Exercise description: Your reply should be the records below, duplicated exactly, with any picture removed.

Start of Records for the task

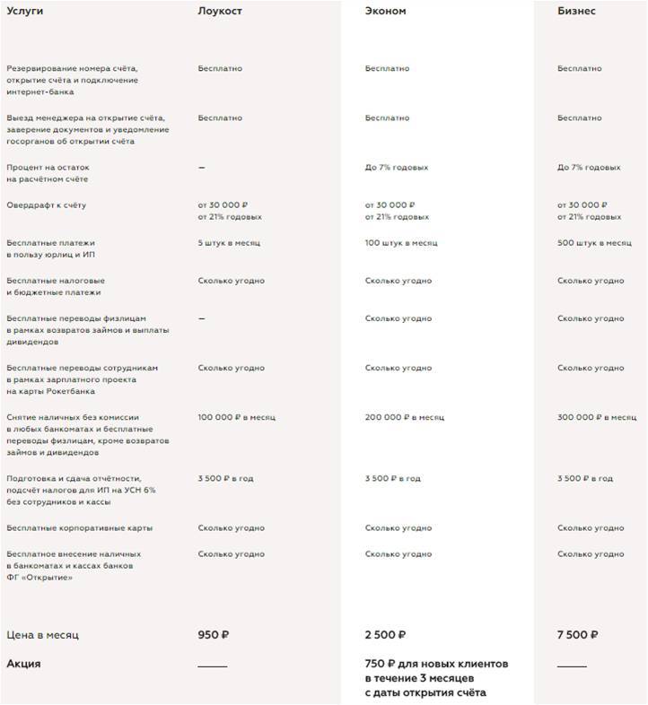 Эти услуги актуальны в нынешнее время, т.к. многие предпочитают расплачиваться картой и не хотят возиться с наличкой. Подключение всех трех услуг бесплатно и возможно в интернет-банке. - Зарплата сотрудникам. Подключение услуги, как и подписание документов, происходит в интернет-банке. Карты выпускаются и доставляются сотрудникам совершенно бесплатно. Перечисление зарплаты возможно на карты Рокетбанк и Точки в режиме онлайн в день перечисления за 5 минут, возможно переводить зарплату и на карты других банков. Снять зарплату можно в банкоматах любого банка без комиссии. Эта опция интегрирована с 1C. Комиссия за перечисление с картами Рокет и Точка составляет 0 и 0,55% соответственно.
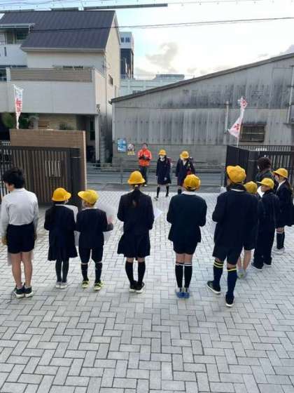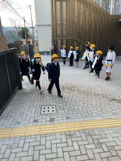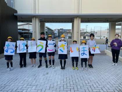 児童会運営委員や各クラスの「あいさつリーダー」が正門で元気よく挨拶を行っています。
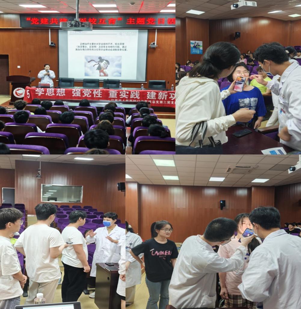 活动以“党员联育、队伍联建”为主线,突出医校“资源共享、协同育人”特色。江西省人民医院专家吴金枝以《正确认识正畸治疗》为主题,为现场师生带来一场内容丰富的特色课程。吴医生通过生动的临床案例分析,系统阐释了正畸治疗的原理与常见误区,并设置“互动答题”环节,通过寓教于乐的方式与学生深入交流,现场气氛热烈,掌声频现。同时,医院口腔科专家团队为在场师生开展义诊,提供免费口腔检查、正畸评估及保健建议,实现医学知识与党建教育深度融合。
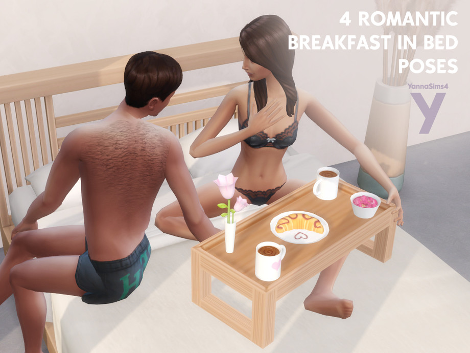 My pose pack comes with in-game instructions of where to place your Sims via the Teleport Mod (in this case, the middle of a bed) and has thumbnails of the breakfast in bed tray, so you can easily spot the pack if you have lots of poses.
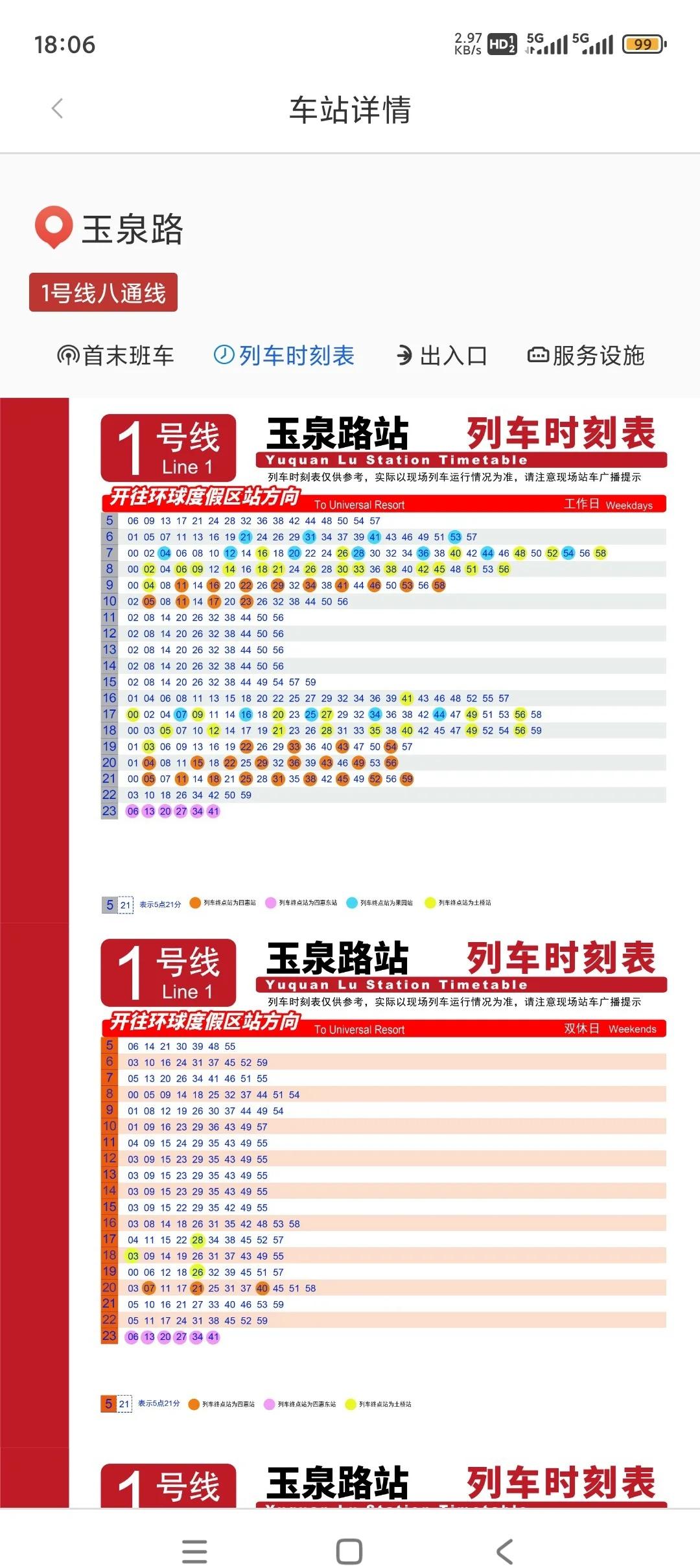 北京地铁1号线又调图了: 1.上下行早高峰间隔调整:上行2分05,下行2分(官方说辞,实际按时刻表计算间隔为2分10) 2.原古城清客苹果园折返改为古城清客福寿岭折返 3.工作日平峰间隔由6分改为7分 4.双休日早晚高峰间隔4.5分,平峰间隔5分,大小交路3:1 图2:新运营时刻表,图3:原运营时刻表地铁 上下班高峰地铁
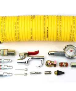 The 15-Piece Accessory Kit includes a 25 ft. nylon recoil hose, a blow gun and accessories to help clean work areas, inflate objects or connect tools. Couplers and plugs for connection purposes are also included. Features durable steel construction with zinc plating for corrosion resistance. This is a great starter kit for anyone with a compressor to give you all the tools needed in connecting and use for your airline needs. 1-piece – 25 ft. Nylon recoil hose. 1-piece blow gun, 1-piece ball foot chuck, 1-piece tire gauge, 2-piece male I/M plugs, 1-piece female I/M plug, 1-piece male coupling, 1-piece female coupling, 1-piece safety nozzle, 1-piece tapered inflator tip, 2-piece inflation needles, 1-piece rubber blowgun tip, 1-piece universal coupler.
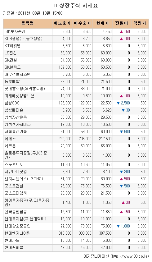 [아시아경제 천우진 기자] 장외주식 시장이 4거래일 연속 하락세를 이어갔다.기업공개(IPO) 관련주로 이달 29일 공모 예정인 반도체 메모리 테스트 핸들러 제조업체 테크윙이 2만1400원(-2.73%)으로 사흘만에 하락했다. 상장 승인기업 창고 자동화 시스템 업체 신흥기계는 8900원(+0.56%)으로 6거래일 연속 상승세를 이어갔다.심사 청구 종목으로 반도체 열처리 장비업체 테라세미콘과 카메라 모듈개발업체 엠씨넥스가 각각 1만6100원(+4.55%), 1만1250원(+6.64%)으로 강세를 선보였다. 물질검사 장비업체 케이맥은 2만5000원(-1.57%)으로 6거래일 만에 하락했다.삼성 관련주로 정보통신기술(ICT) 서비스기업 삼성SDS와 홈 네트워크 전문기업 서울통신기술이 각각 12만2500원(-2.00%), 6만원(-0.83%)으로 2일, 11일 동안 약세를 이어갔다. 정보보안 솔루션업체 시큐아이닷컴과 초음파 진단기 전문기업 삼성메디슨은 각각 8100원(-2.41%), 6620원(-0.45%)으로 내렸다.금융 관련주로 증권담보 대출업체 한국증권금융과 생명보험사 미래에셋생명이 각각 1만1650원(+1.30%), 1만원(+1.01%)으로 상승했다. 증권사 IBK투자증권과 하이투자증권은 각각 4450원(+3.49%), 1350원(+2.27%)으로 올랐다.제조업 관련주로 치과용 임플란트 제조업체 덴티움은 9만6000원(+0.52%)으로 사흘 연속 상승했다. 현대중공업 조선 자회사 현대삼호중공업과 무선통신기기 제조업체 SK텔레시스는 각각 7만5000원(-1.32%), 3700원(-2.63%)으로 하락해 5주, 52주 최저가로 밀려났다.그밖에 LG계열 IT서비스업체 엘지씨엔에스가 3만원(+1.69%)으로 이틀 연속 상승했다. 기업용 토털 소프트웨어업체 티맥스소프트도 3800원(+7.04%)으로 상승 전환했다. 종합건설사 포스코건설은 7만6500원(-0.65%)으로 내려 다시 52주 최저가 수준으로 내려왔다.자료제공:
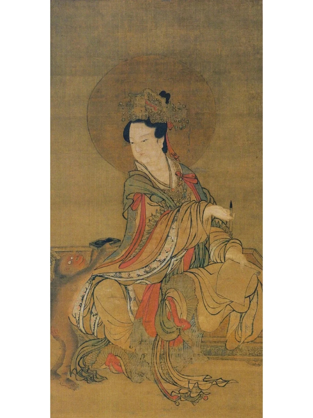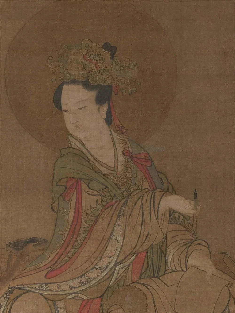 人物刻画:画面主体是一位端庄优雅的女性形象,即水星神。她头戴华丽的冠饰,冠饰上装饰有珠宝、花朵等元素,尽显华贵。面容丰腴圆润,眉眼细长,双目微微低垂,神态宁静而温婉,透露出一种超凡脱俗的气质。身着宽大且色彩绚丽的长袍,衣纹线条流畅自然,通过细腻的笔触和丰富的色彩变化,生动地表现出丝绸般的质感和衣物的垂坠感。长袍上还装饰有精美的花纹图案,增添了华丽感。她右手持笔,左手放在腿上,姿态优雅,似乎在进行书写或思考。
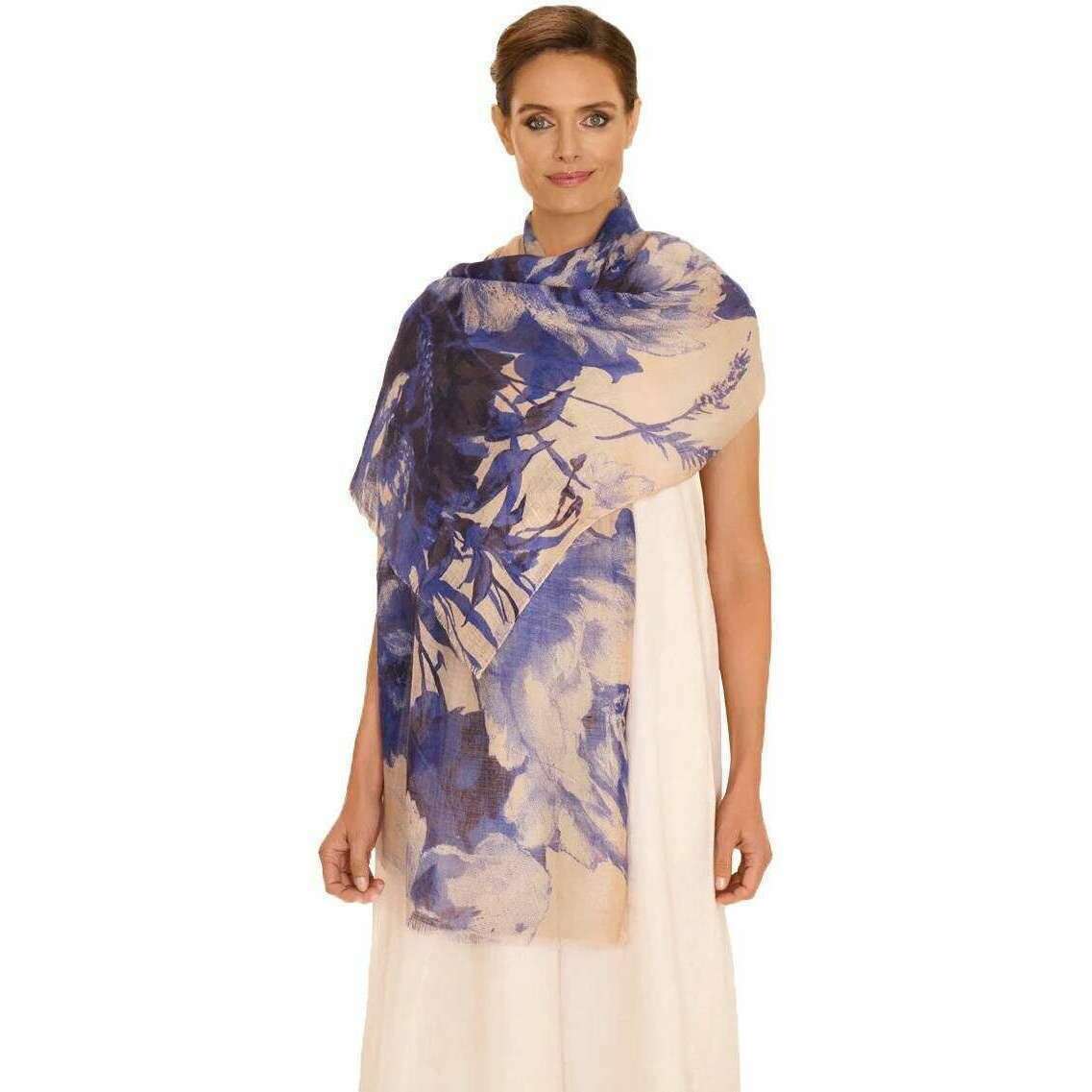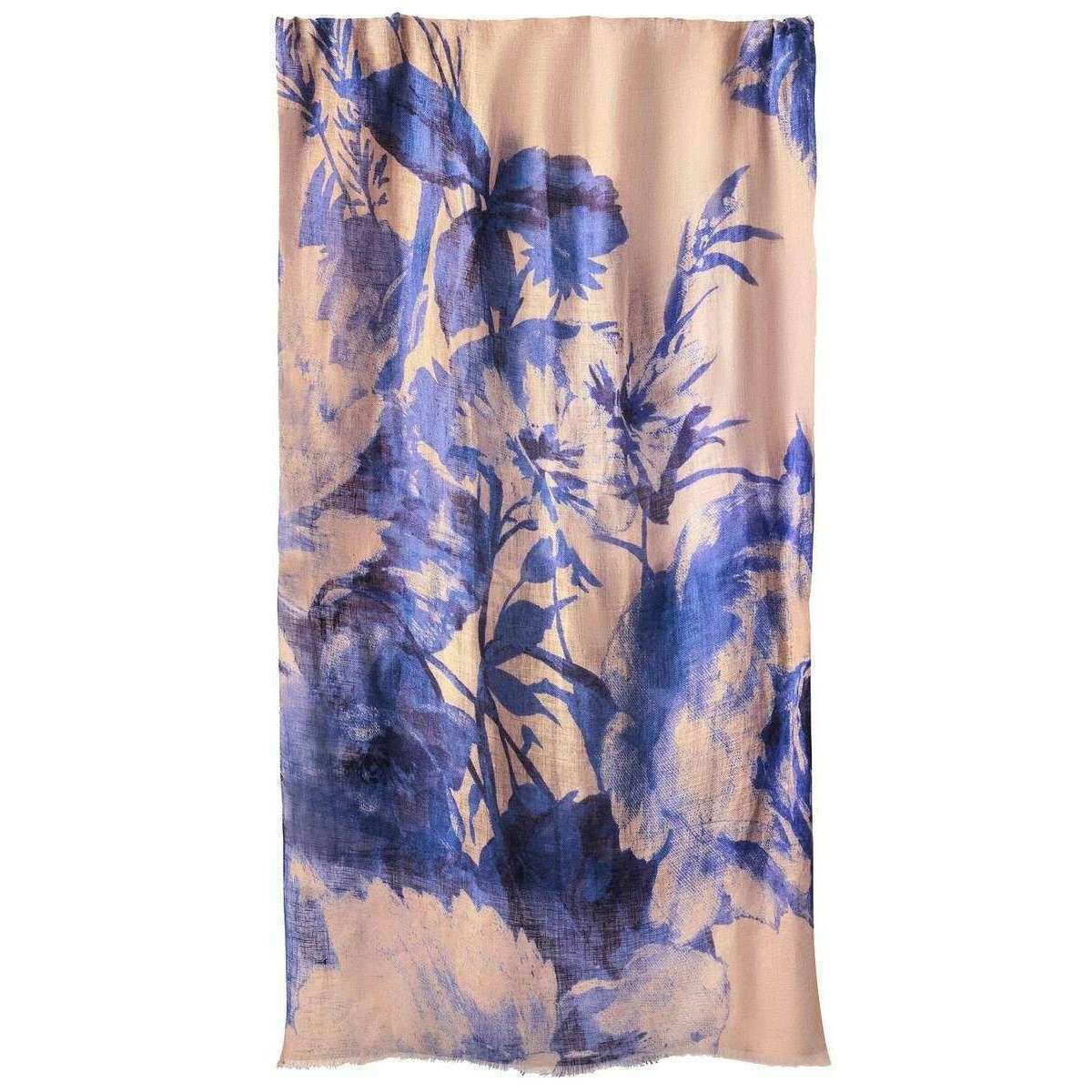 Powder China Bloom Cotton Linen Écharpe - bleu
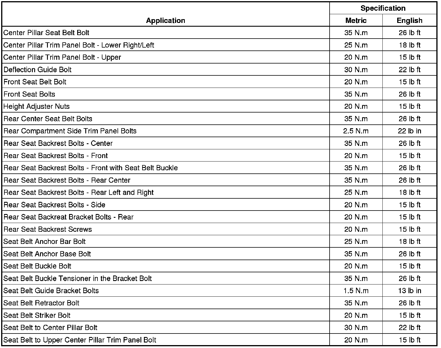Fastener Tightening Specifications
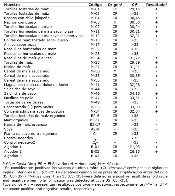 El valor de concentración del ADN total obtenido de las muestras de semillas de algodón (B-01, B-02 y B-03), tortillas tostadas (B2-5), maíz (B2-16) y harina (B2-17), mostró un intervalo de variación de 46,1 a 915,5 ng µl-1 debido a la naturaleza de la matriz analizada. En el perfil de ADN genómico se visualizó material genético íntegro de alto peso molecular, con excepción de las muestras B-03, B2-5 y B2-17, que mostraron ADN parcialmente degradado (datos no mostrados). La detección de trazas de ADN de la secuencia promotora 35S como indicador de transgenicidad se muestran en el Cuadro 1. Se evidencia que, de veintisiete alimentos procesados y evaluados en este estudio, quince resultaron positivos para la presencia del promotor transgénico 35S (59 % de las muestras analizadas), con valores de Ct entre 29,15 y 34,13. Por otro lado, las muestras analizadas de tortillas tostadas orgánicas (B2-5) producidas en Costa Rica, así como el maíz (B2-16) y la harina de maíz (B2-17) utilizadas para manufacturar la muestra B2-5, evidenciaron resultados negativos de amplificación de trazas transgénicas del promotor 35S (Ct >35). Lo anterior sugiere una ausencia preliminar de modificación genética en el maíz orgánico evaluado. En cuanto a las muestras provenientes de las semillas de algodón, se comprobó que dos de las muestras contenían ADN transgénico correspondiente a las muestras de algodón B-01 y B-02, para las cuales se obtuvieron valores de Ct de 21,93 y 26,13, respectivamente. Únicamente la muestra de algodón B-03 mostró ausencia de la secuencia transgénica 35S (Ct >35). Estos resultados sugieren una potencial dispersión de semillas GM (muestras B-01 y B-02) fuera del área restringida para el cultivo de algodón transgénico; lo que refleja un eventual vacío en el sistema de control de dispersión y bioseguridad de OGM.

End of Records for the task

Written answer:
 Эти услуги актуальны в нынешнее время, т.к. многие предпочитают расплачиваться картой и не хотят возиться с наличкой. Подключение всех трех услуг бесплатно и возможно в интернет-банке. - Зарплата сотрудникам. Подключение услуги, как и подписание документов, происходит в интернет-банке. Карты выпускаются и доставляются сотрудникам совершенно бесплатно. Перечисление зарплаты возможно на карты Рокетбанк и Точки в режиме онлайн в день перечисления за 5 минут, возможно переводить зарплату и на карты других банков. Снять зарплату можно в банкоматах любого банка без комиссии. Эта опция интегрирована с 1C. Комиссия за перечисление с картами Рокет и Точка составляет 0 и 0,55% соответственно.
 児童会運営委員や各クラスの「あいさつリーダー」が正門で元気よく挨拶を行っています。
 活动以“党员联育、队伍联建”为主线,突出医校“资源共享、协同育人”特色。江西省人民医院专家吴金枝以《正确认识正畸治疗》为主题,为现场师生带来一场内容丰富的特色课程。吴医生通过生动的临床案例分析,系统阐释了正畸治疗的原理与常见误区,并设置“互动答题”环节,通过寓教于乐的方式与学生深入交流,现场气氛热烈,掌声频现。同时,医院口腔科专家团队为在场师生开展义诊,提供免费口腔检查、正畸评估及保健建议,实现医学知识与党建教育深度融合。
 My pose pack comes with in-game instructions of where to place your Sims via the Teleport Mod (in this case, the middle of a bed) and has thumbnails of the breakfast in bed tray, so you can easily spot the pack if you have lots of poses.
 北京地铁1号线又调图了: 1.上下行早高峰间隔调整:上行2分05,下行2分(官方说辞,实际按时刻表计算间隔为2分10) 2.原古城清客苹果园折返改为古城清客福寿岭折返 3.工作日平峰间隔由6分改为7分 4.双休日早晚高峰间隔4.5分,平峰间隔5分,大小交路3:1 图2:新运营时刻表,图3:原运营时刻表地铁 上下班高峰地铁
 The 15-Piece Accessory Kit includes a 25 ft. nylon recoil hose, a blow gun and accessories to help clean work areas, inflate objects or connect tools. Couplers and plugs for connection purposes are also included. Features durable steel construction with zinc plating for corrosion resistance. This is a great starter kit for anyone with a compressor to give you all the tools needed in connecting and use for your airline needs. 1-piece – 25 ft. Nylon recoil hose. 1-piece blow gun, 1-piece ball foot chuck, 1-piece tire gauge, 2-piece male I/M plugs, 1-piece female I/M plug, 1-piece male coupling, 1-piece female coupling, 1-piece safety nozzle, 1-piece tapered inflator tip, 2-piece inflation needles, 1-piece rubber blowgun tip, 1-piece universal coupler.
 [아시아경제 천우진 기자] 장외주식 시장이 4거래일 연속 하락세를 이어갔다.기업공개(IPO) 관련주로 이달 29일 공모 예정인 반도체 메모리 테스트 핸들러 제조업체 테크윙이 2만1400원(-2.73%)으로 사흘만에 하락했다. 상장 승인기업 창고 자동화 시스템 업체 신흥기계는 8900원(+0.56%)으로 6거래일 연속 상승세를 이어갔다.심사 청구 종목으로 반도체 열처리 장비업체 테라세미콘과 카메라 모듈개발업체 엠씨넥스가 각각 1만6100원(+4.55%), 1만1250원(+6.64%)으로 강세를 선보였다. 물질검사 장비업체 케이맥은 2만5000원(-1.57%)으로 6거래일 만에 하락했다.삼성 관련주로 정보통신기술(ICT) 서비스기업 삼성SDS와 홈 네트워크 전문기업 서울통신기술이 각각 12만2500원(-2.00%), 6만원(-0.83%)으로 2일, 11일 동안 약세를 이어갔다. 정보보안 솔루션업체 시큐아이닷컴과 초음파 진단기 전문기업 삼성메디슨은 각각 8100원(-2.41%), 6620원(-0.45%)으로 내렸다.금융 관련주로 증권담보 대출업체 한국증권금융과 생명보험사 미래에셋생명이 각각 1만1650원(+1.30%), 1만원(+1.01%)으로 상승했다. 증권사 IBK투자증권과 하이투자증권은 각각 4450원(+3.49%), 1350원(+2.27%)으로 올랐다.제조업 관련주로 치과용 임플란트 제조업체 덴티움은 9만6000원(+0.52%)으로 사흘 연속 상승했다. 현대중공업 조선 자회사 현대삼호중공업과 무선통신기기 제조업체 SK텔레시스는 각각 7만5000원(-1.32%), 3700원(-2.63%)으로 하락해 5주, 52주 최저가로 밀려났다.그밖에 LG계열 IT서비스업체 엘지씨엔에스가 3만원(+1.69%)으로 이틀 연속 상승했다. 기업용 토털 소프트웨어업체 티맥스소프트도 3800원(+7.04%)으로 상승 전환했다. 종합건설사 포스코건설은 7만6500원(-0.65%)으로 내려 다시 52주 최저가 수준으로 내려왔다.자료제공:
 人物刻画:画面主体是一位端庄优雅的女性形象,即水星神。她头戴华丽的冠饰,冠饰上装饰有珠宝、花朵等元素,尽显华贵。面容丰腴圆润,眉眼细长,双目微微低垂,神态宁静而温婉,透露出一种超凡脱俗的气质。身着宽大且色彩绚丽的长袍,衣纹线条流畅自然,通过细腻的笔触和丰富的色彩变化,生动地表现出丝绸般的质感和衣物的垂坠感。长袍上还装饰有精美的花纹图案,增添了华丽感。她右手持笔,左手放在腿上,姿态优雅,似乎在进行书写或思考。
 Powder China Bloom Cotton Linen Écharpe - bleu
Fastener Tightening Specifications
 El valor de concentración del ADN total obtenido de las muestras de semillas de algodón (B-01, B-02 y B-03), tortillas tostadas (B2-5), maíz (B2-16) y harina (B2-17), mostró un intervalo de variación de 46,1 a 915,5 ng µl-1 debido a la naturaleza de la matriz analizada. En el perfil de ADN genómico se visualizó material genético íntegro de alto peso molecular, con excepción de las muestras B-03, B2-5 y B2-17, que mostraron ADN parcialmente degradado (datos no mostrados). La detección de trazas de ADN de la secuencia promotora 35S como indicador de transgenicidad se muestran en el Cuadro 1. Se evidencia que, de veintisiete alimentos procesados y evaluados en este estudio, quince resultaron positivos para la presencia del promotor transgénico 35S (59 % de las muestras analizadas), con valores de Ct entre 29,15 y 34,13. Por otro lado, las muestras analizadas de tortillas tostadas orgánicas (B2-5) producidas en Costa Rica, así como el maíz (B2-16) y la harina de maíz (B2-17) utilizadas para manufacturar la muestra B2-5, evidenciaron resultados negativos de amplificación de trazas transgénicas del promotor 35S (Ct >35). Lo anterior sugiere una ausencia preliminar de modificación genética en el maíz orgánico evaluado. En cuanto a las muestras provenientes de las semillas de algodón, se comprobó que dos de las muestras contenían ADN transgénico correspondiente a las muestras de algodón B-01 y B-02, para las cuales se obtuvieron valores de Ct de 21,93 y 26,13, respectivamente. Únicamente la muestra de algodón B-03 mostró ausencia de la secuencia transgénica 35S (Ct >35). Estos resultados sugieren una potencial dispersión de semillas GM (muestras B-01 y B-02) fuera del área restringida para el cultivo de algodón transgénico; lo que refleja un eventual vacío en el sistema de control de dispersión y bioseguridad de OGM.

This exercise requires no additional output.